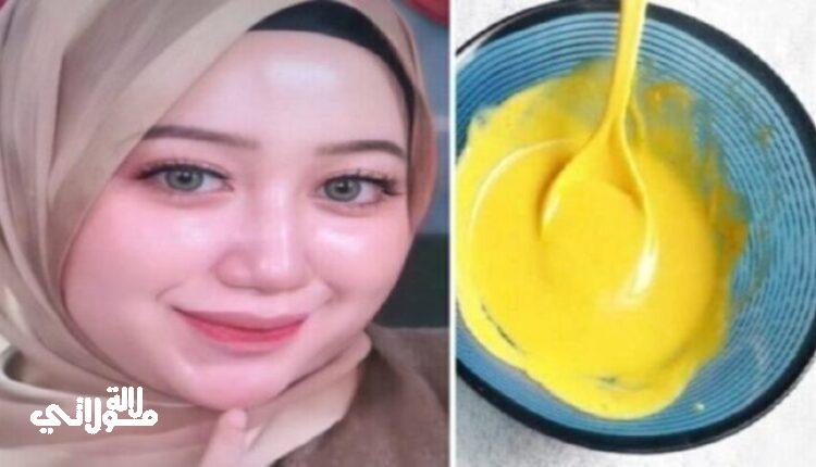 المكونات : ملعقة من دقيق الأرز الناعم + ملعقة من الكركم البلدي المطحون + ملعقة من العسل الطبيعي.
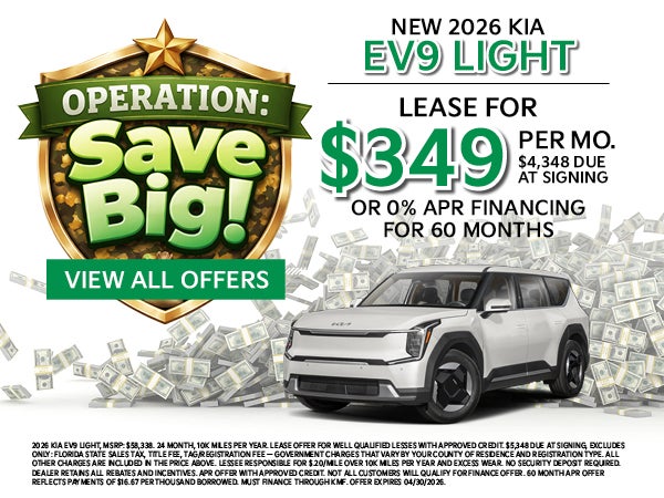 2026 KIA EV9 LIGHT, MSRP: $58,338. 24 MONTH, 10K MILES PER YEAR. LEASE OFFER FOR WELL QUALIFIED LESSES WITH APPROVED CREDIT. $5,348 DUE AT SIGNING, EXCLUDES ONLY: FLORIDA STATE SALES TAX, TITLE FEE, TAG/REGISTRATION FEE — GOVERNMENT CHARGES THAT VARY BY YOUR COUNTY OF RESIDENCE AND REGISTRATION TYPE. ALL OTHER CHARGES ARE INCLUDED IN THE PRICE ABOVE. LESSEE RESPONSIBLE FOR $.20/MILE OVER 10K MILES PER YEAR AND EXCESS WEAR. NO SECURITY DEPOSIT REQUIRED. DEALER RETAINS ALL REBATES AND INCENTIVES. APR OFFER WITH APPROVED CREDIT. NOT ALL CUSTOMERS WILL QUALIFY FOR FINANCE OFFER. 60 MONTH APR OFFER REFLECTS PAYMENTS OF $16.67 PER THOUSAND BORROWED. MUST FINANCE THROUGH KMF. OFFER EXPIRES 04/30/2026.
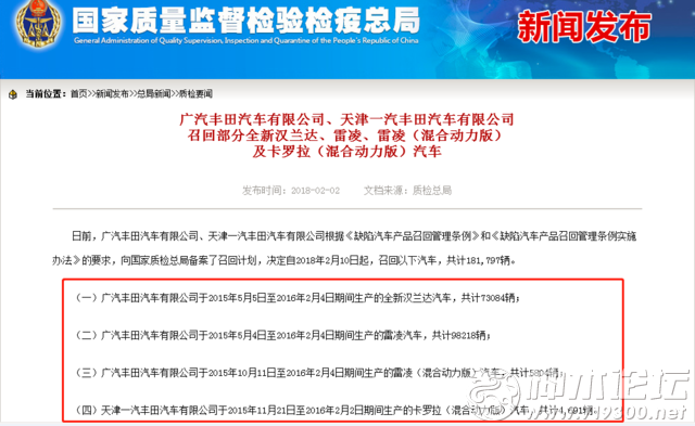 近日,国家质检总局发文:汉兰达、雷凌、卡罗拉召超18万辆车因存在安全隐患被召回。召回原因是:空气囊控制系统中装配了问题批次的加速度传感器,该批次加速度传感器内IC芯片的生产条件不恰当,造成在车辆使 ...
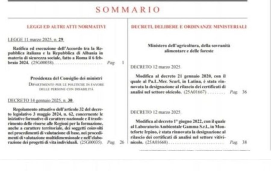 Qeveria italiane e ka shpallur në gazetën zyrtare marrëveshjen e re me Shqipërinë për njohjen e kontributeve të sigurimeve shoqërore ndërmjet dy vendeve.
____
*What you are asked to do*.
Go through the material and set it down again exactly, but without any pictures.

*Response below*.
 المكونات : ملعقة من دقيق الأرز الناعم + ملعقة من الكركم البلدي المطحون + ملعقة من العسل الطبيعي.
 2026 KIA EV9 LIGHT, MSRP: $58,338. 24 MONTH, 10K MILES PER YEAR. LEASE OFFER FOR WELL QUALIFIED LESSES WITH APPROVED CREDIT. $5,348 DUE AT SIGNING, EXCLUDES ONLY: FLORIDA STATE SALES TAX, TITLE FEE, TAG/REGISTRATION FEE — GOVERNMENT CHARGES THAT VARY BY YOUR COUNTY OF RESIDENCE AND REGISTRATION TYPE. ALL OTHER CHARGES ARE INCLUDED IN THE PRICE ABOVE. LESSEE RESPONSIBLE FOR $.20/MILE OVER 10K MILES PER YEAR AND EXCESS WEAR. NO SECURITY DEPOSIT REQUIRED. DEALER RETAINS ALL REBATES AND INCENTIVES. APR OFFER WITH APPROVED CREDIT. NOT ALL CUSTOMERS WILL QUALIFY FOR FINANCE OFFER. 60 MONTH APR OFFER REFLECTS PAYMENTS OF $16.67 PER THOUSAND BORROWED. MUST FINANCE THROUGH KMF. OFFER EXPIRES 04/30/2026.
 近日,国家质检总局发文:汉兰达、雷凌、卡罗拉召超18万辆车因存在安全隐患被召回。召回原因是:空气囊控制系统中装配了问题批次的加速度传感器,该批次加速度传感器内IC芯片的生产条件不恰当,造成在车辆使 ...
 Qeveria italiane e ka shpallur në gazetën zyrtare marrëveshjen e re me Shqipërinë për njohjen e kontributeve të sigurimeve shoqërore ndërmjet dy vendeve.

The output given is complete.